Although new regulations have been put in place to protect the safety of students further, parents are still unsatisfied.
Following a “tense” dialogue session with Kinderland, parents remain unhappy.
The dialogue session was held on 2 September.
It was the first of three such dialogues held at the school.
Kinderland Singapore general manager Seet Lee Kiang and a representative from Crestar Education Group, which provides childcare services and preschool education programmes, spoke to around 30 parents and guardians.
The dialogues were organised as a dozen parents went to the school on 30 August to ask for explanations and solutions to the alleged abuse cases.
However, they were asked to return on another day.
The first session lasted 90 minutes and was described as “tense” by some parents.
Following the dialogue session, attendees were given a tour of the centre to observe the new CCTV cameras installed in classrooms and activity areas.

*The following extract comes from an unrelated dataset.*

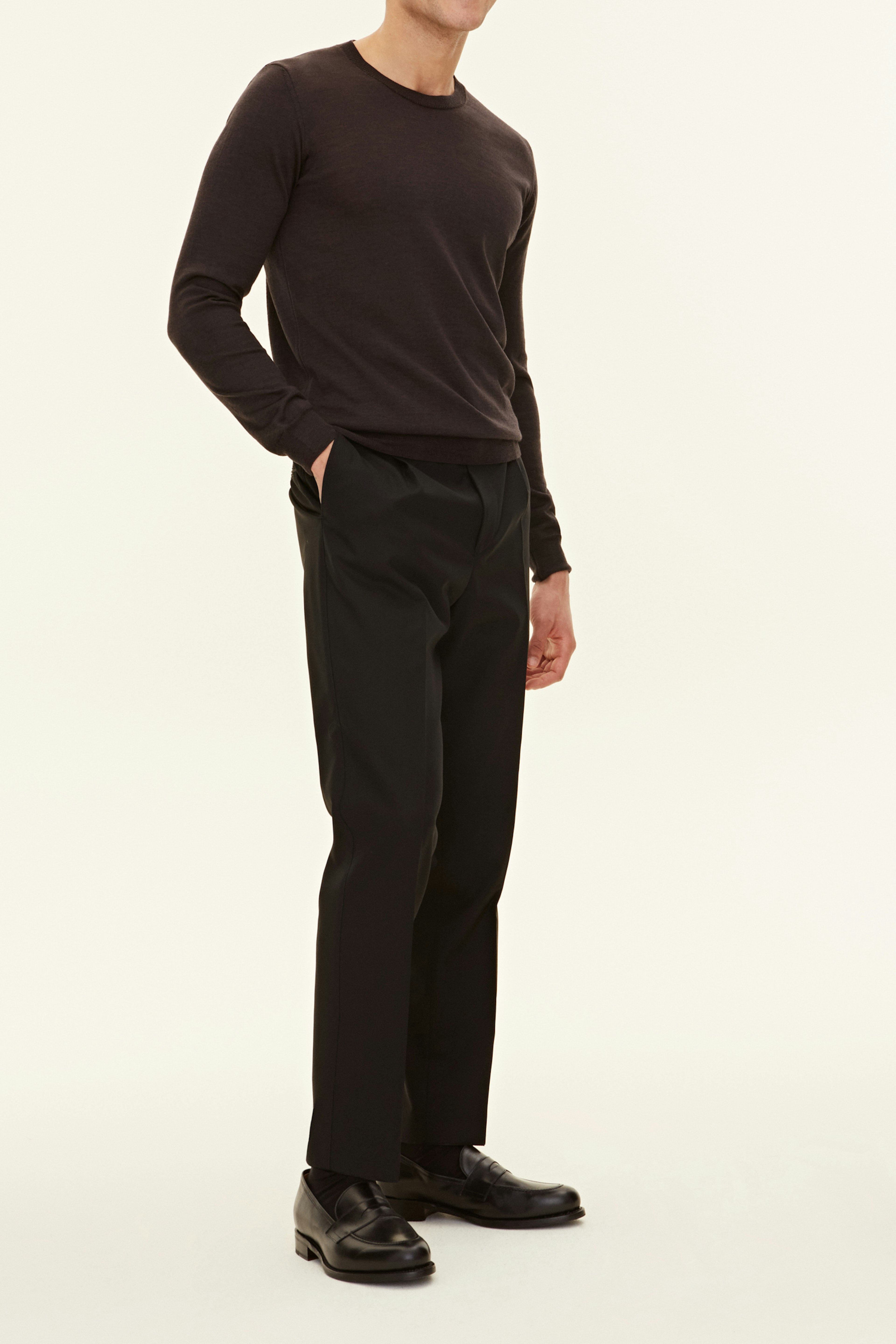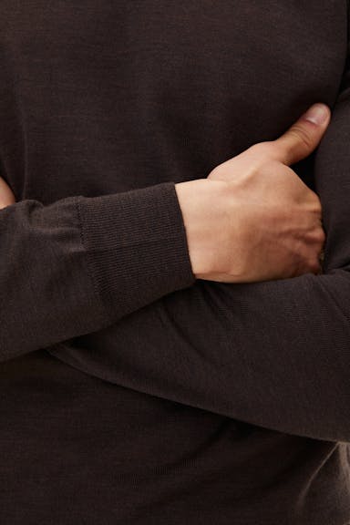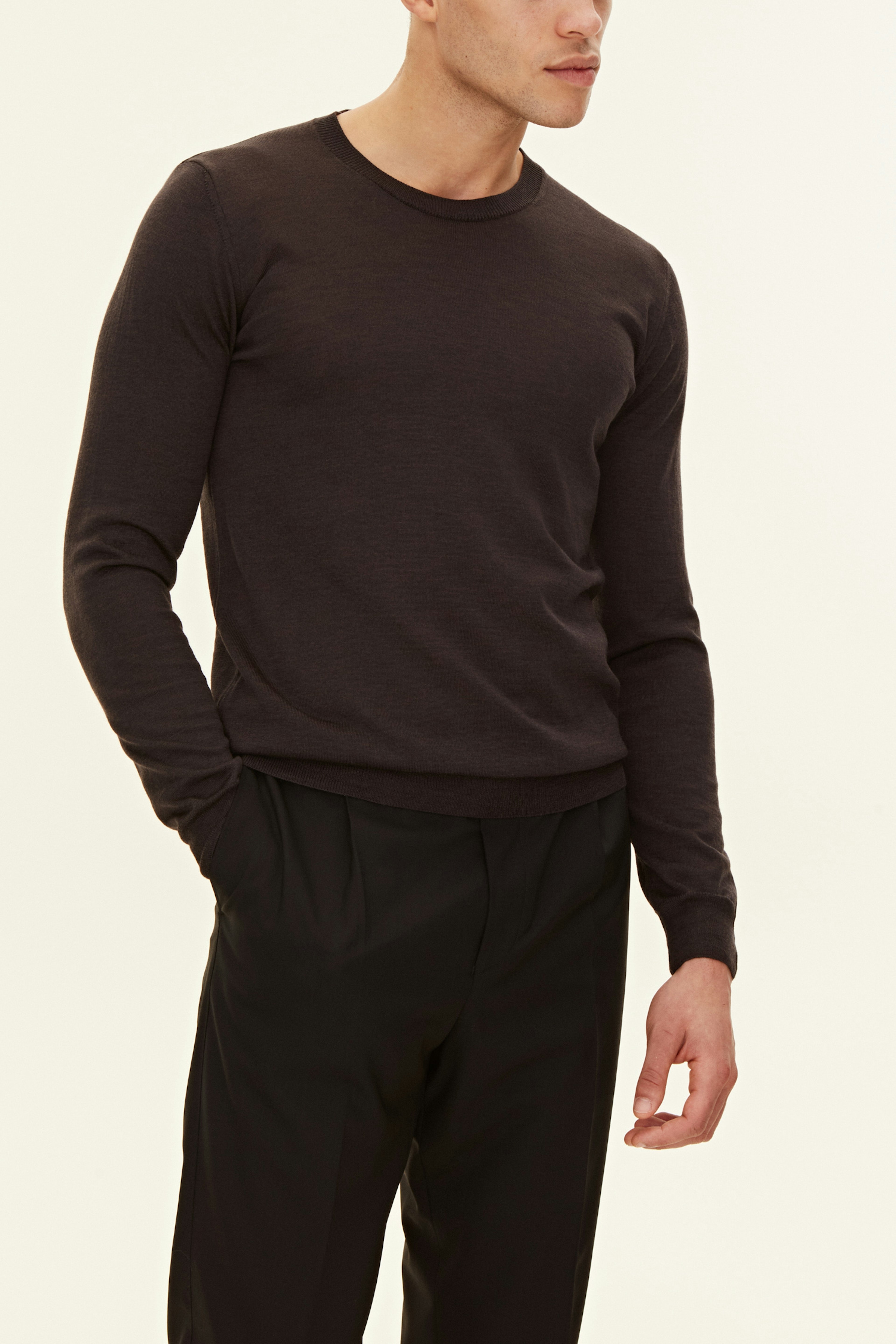 Rundhalset genser i ekstra fin merinoull fra Tollegno, Italia. Ullfibrene er lange, noe som gir plagget en luksuriøs og noe blank overflate. Enkel halsribb i dobbelt garn som gir godt hold. Tynnstrikket, 14gg som er god å ha under blazer.

Notably, the tour was requested by the parents themselves.
Mr Seet said all parents with children at the centre’s branch were invited to the sessions.
However, some parents said that the school had not invited them.
Allegedly, they only found out about the dialogue through the news or parent chat groups.
One parent told The Straits Times that she felt like the management was trying to push off the meeting.
She also felt that the session did not help address concerns.
Apparently, the management told attendees that they had to review the problems raised before being able to respond.
Other parents shared her sentiments, calling the meeting “insufficient”.
Besides feeling that the management was insincere, they thought the issue about refunding parents who chose to withdraw their children from the school was not addressed.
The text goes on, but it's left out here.